_Records contained in a dataset_
Start of Block

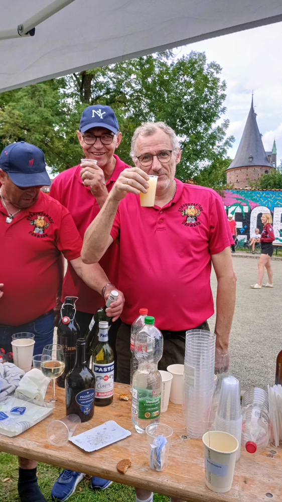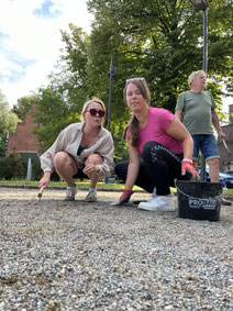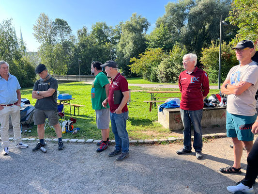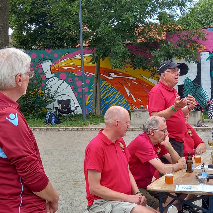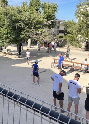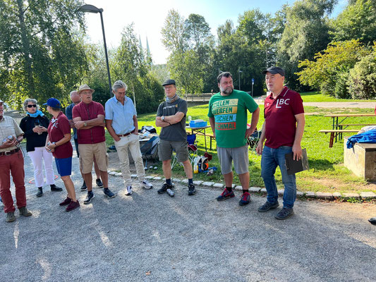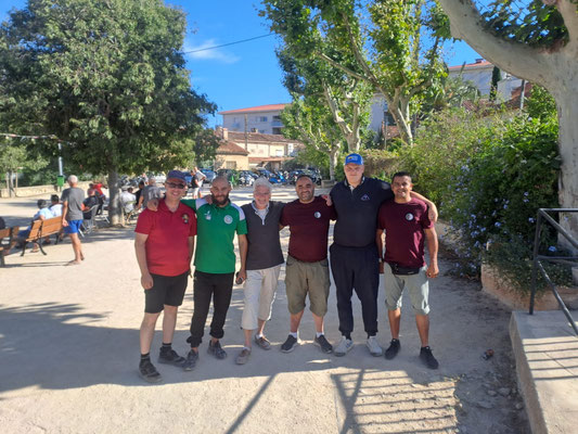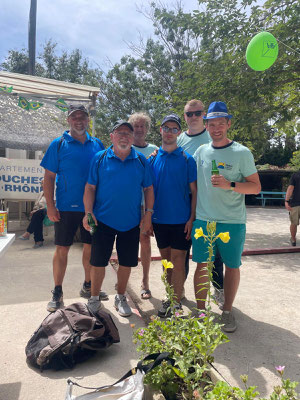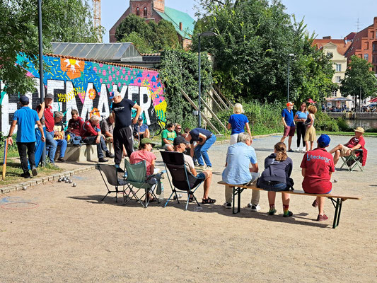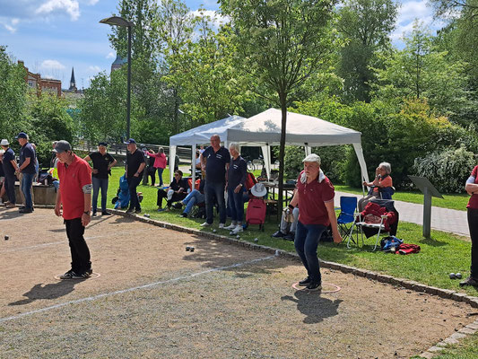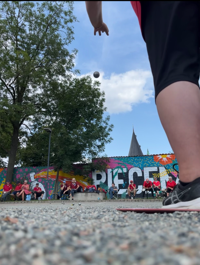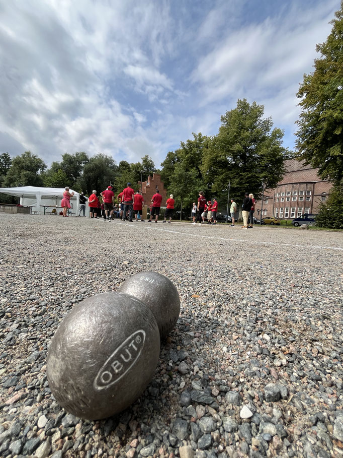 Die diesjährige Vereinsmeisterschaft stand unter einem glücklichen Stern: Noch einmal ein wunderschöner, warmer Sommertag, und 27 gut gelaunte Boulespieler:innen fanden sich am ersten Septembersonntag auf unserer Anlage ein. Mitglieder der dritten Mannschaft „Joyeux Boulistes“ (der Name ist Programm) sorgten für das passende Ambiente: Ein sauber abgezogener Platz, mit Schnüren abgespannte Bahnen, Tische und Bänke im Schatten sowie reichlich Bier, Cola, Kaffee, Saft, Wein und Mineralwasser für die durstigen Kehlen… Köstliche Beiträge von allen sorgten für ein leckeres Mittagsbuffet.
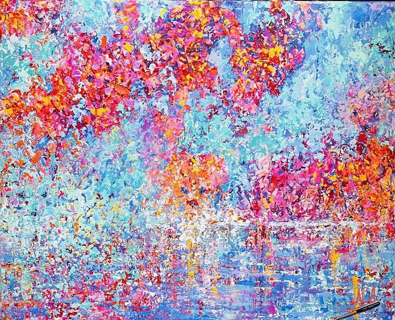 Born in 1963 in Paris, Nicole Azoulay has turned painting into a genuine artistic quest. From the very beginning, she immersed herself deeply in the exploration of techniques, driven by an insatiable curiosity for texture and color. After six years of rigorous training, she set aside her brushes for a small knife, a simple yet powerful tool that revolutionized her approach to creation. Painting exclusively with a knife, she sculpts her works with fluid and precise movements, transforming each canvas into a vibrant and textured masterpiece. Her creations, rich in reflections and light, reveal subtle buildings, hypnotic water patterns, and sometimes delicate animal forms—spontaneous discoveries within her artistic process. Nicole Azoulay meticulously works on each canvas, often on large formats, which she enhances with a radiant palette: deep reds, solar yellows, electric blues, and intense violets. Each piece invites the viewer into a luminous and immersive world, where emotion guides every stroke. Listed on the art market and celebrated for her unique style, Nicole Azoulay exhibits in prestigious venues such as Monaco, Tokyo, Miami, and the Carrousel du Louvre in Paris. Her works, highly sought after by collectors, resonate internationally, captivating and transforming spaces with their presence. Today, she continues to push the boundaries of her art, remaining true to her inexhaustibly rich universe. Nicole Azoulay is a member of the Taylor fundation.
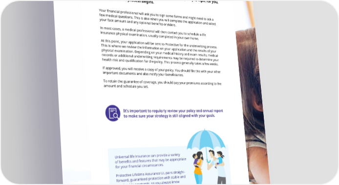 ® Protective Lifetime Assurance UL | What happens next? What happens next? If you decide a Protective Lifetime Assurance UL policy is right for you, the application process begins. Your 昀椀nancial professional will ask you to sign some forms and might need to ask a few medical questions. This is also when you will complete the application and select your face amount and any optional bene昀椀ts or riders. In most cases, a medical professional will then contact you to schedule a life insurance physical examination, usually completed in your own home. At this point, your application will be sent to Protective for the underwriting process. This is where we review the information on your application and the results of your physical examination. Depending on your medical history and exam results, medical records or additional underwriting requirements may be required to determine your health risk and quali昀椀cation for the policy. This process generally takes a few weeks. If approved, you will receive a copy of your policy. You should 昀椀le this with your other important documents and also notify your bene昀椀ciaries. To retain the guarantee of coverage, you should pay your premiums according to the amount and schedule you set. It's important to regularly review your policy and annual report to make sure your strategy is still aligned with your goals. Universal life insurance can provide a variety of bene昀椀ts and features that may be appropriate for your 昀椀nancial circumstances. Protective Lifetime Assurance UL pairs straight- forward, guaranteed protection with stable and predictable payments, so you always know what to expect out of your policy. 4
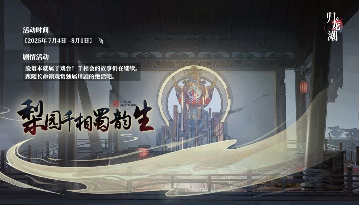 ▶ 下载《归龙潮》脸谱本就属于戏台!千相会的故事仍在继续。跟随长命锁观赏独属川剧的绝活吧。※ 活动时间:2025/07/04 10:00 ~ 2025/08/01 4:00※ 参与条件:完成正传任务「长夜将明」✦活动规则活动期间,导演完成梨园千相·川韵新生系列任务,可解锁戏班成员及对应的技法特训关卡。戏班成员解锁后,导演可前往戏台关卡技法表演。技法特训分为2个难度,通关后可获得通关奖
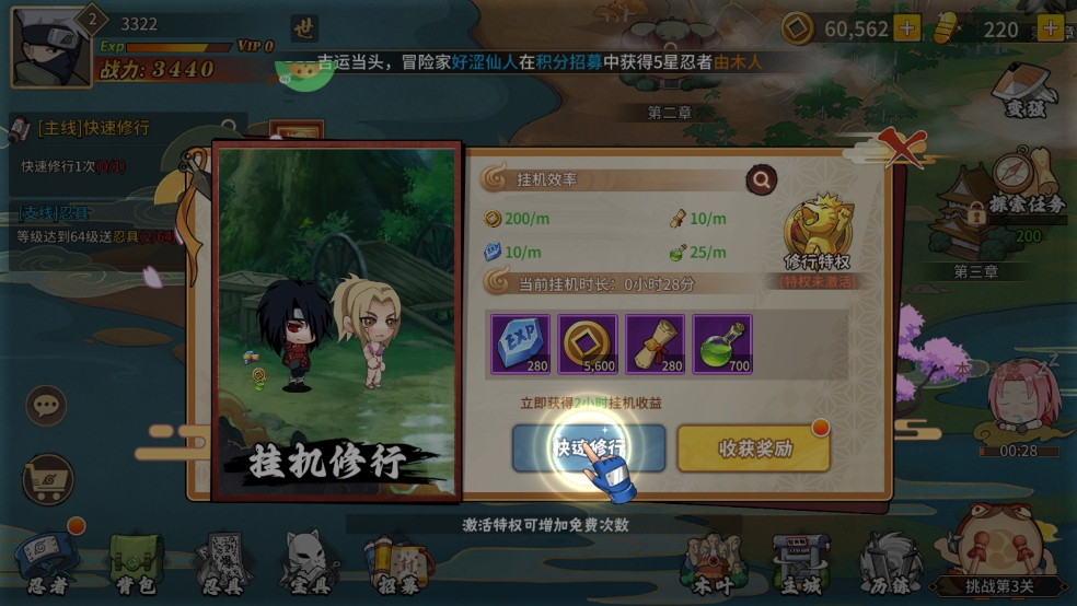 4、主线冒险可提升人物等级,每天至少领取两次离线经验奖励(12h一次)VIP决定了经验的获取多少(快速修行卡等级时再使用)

End of Block

_EXERCISE DESCRIPTION_
When you copy the data, keep every line exact and drop the pictures.

_THE ANSWER_
 Die diesjährige Vereinsmeisterschaft stand unter einem glücklichen Stern: Noch einmal ein wunderschöner, warmer Sommertag, und 27 gut gelaunte Boulespieler:innen fanden sich am ersten Septembersonntag auf unserer Anlage ein. Mitglieder der dritten Mannschaft „Joyeux Boulistes“ (der Name ist Programm) sorgten für das passende Ambiente: Ein sauber abgezogener Platz, mit Schnüren abgespannte Bahnen, Tische und Bänke im Schatten sowie reichlich Bier, Cola, Kaffee, Saft, Wein und Mineralwasser für die durstigen Kehlen… Köstliche Beiträge von allen sorgten für ein leckeres Mittagsbuffet.
 Born in 1963 in Paris, Nicole Azoulay has turned painting into a genuine artistic quest. From the very beginning, she immersed herself deeply in the exploration of techniques, driven by an insatiable curiosity for texture and color. After six years of rigorous training, she set aside her brushes for a small knife, a simple yet powerful tool that revolutionized her approach to creation. Painting exclusively with a knife, she sculpts her works with fluid and precise movements, transforming each canvas into a vibrant and textured masterpiece. Her creations, rich in reflections and light, reveal subtle buildings, hypnotic water patterns, and sometimes delicate animal forms—spontaneous discoveries within her artistic process. Nicole Azoulay meticulously works on each canvas, often on large formats, which she enhances with a radiant palette: deep reds, solar yellows, electric blues, and intense violets. Each piece invites the viewer into a luminous and immersive world, where emotion guides every stroke. Listed on the art market and celebrated for her unique style, Nicole Azoulay exhibits in prestigious venues such as Monaco, Tokyo, Miami, and the Carrousel du Louvre in Paris. Her works, highly sought after by collectors, resonate internationally, captivating and transforming spaces with their presence. Today, she continues to push the boundaries of her art, remaining true to her inexhaustibly rich universe. Nicole Azoulay is a member of the Taylor fundation.
 ® Protective Lifetime Assurance UL | What happens next? What happens next? If you decide a Protective Lifetime Assurance UL policy is right for you, the application process begins. Your 昀椀nancial professional will ask you to sign some forms and might need to ask a few medical questions. This is also when you will complete the application and select your face amount and any optional bene昀椀ts or riders. In most cases, a medical professional will then contact you to schedule a life insurance physical examination, usually completed in your own home. At this point, your application will be sent to Protective for the underwriting process. This is where we review the information on your application and the results of your physical examination. Depending on your medical history and exam results, medical records or additional underwriting requirements may be required to determine your health risk and quali昀椀cation for the policy. This process generally takes a few weeks. If approved, you will receive a copy of your policy. You should 昀椀le this with your other important documents and also notify your bene昀椀ciaries. To retain the guarantee of coverage, you should pay your premiums according to the amount and schedule you set. It's important to regularly review your policy and annual report to make sure your strategy is still aligned with your goals. Universal life insurance can provide a variety of bene昀椀ts and features that may be appropriate for your 昀椀nancial circumstances. Protective Lifetime Assurance UL pairs straight- forward, guaranteed protection with stable and predictable payments, so you always know what to expect out of your policy. 4
 ▶ 下载《归龙潮》脸谱本就属于戏台!千相会的故事仍在继续。跟随长命锁观赏独属川剧的绝活吧。※ 活动时间:2025/07/04 10:00 ~ 2025/08/01 4:00※ 参与条件:完成正传任务「长夜将明」✦活动规则活动期间,导演完成梨园千相·川韵新生系列任务,可解锁戏班成员及对应的技法特训关卡。戏班成员解锁后,导演可前往戏台关卡技法表演。技法特训分为2个难度,通关后可获得通关奖
 4、主线冒险可提升人物等级,每天至少领取两次离线经验奖励(12h一次)VIP决定了经验的获取多少(快速修行卡等级时再使用)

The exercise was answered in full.